6. The bridge detection, monitoring, fusion analysis, and maintenance decision-making method based on AI algorithms according to claim 1, characterized in that, Maintenance resource constraints include: total annual maintenance budget, single operation duration limits, and traffic control windows; The decision reasoning framework performs the following processing when generating a set of candidate maintenance schemes: The total annual maintenance budget is pre-allocated on a quarterly basis to obtain the available budget amount for each quarter; For each candidate maintenance plan in the candidate maintenance plan set, extract its resource consumption value, and calculate the total resource consumption for each quarter. When the accumulated value exceeds the available budget for the corresponding quarter, mark the candidate plan with the excess as pending adjustment. Match the single operation duration limit with the traffic control window to determine the executable time range of each candidate plan, and split or postpone the candidate plan that is not within the time range to complete the operation.

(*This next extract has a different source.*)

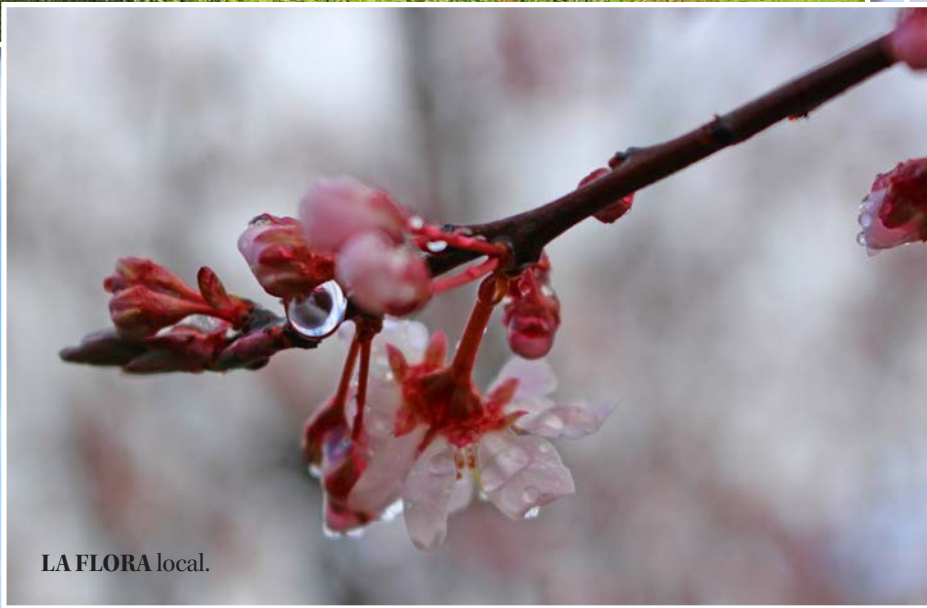
LA FLORA local.

7. The bridge detection, monitoring, fusion analysis, and maintenance decision-making method based on AI algorithms according to claim 1, characterized in that, The candidate maintenance plan set is screened and integrated according to the principles of urgency and resource balance, and the final maintenance decision instruction is output, including: For each candidate maintenance scheme in the candidate maintenance scheme set, an urgency score is calculated based on the decay level and component weight of its corresponding structural component, and the schemes are sorted from highest to lowest urgency score. Candidate schemes are then included one by one in the sorted order, while simultaneously accumulating resource consumption. Inclusion stops when the accumulated resource consumption first exceeds or equals the available budget, forming a preliminary scheme group. The spatial distribution of each candidate scheme in the preliminary scheme group is examined, and when maintenance operations for adjacent components can be combined, they are integrated to reduce duplicate entry costs. The preliminary scheme group is then arranged chronologically according to the executable time period, determining the planned execution window for each candidate scheme, and generating a final maintenance decision instruction containing the maintenance object, time window, and measure type.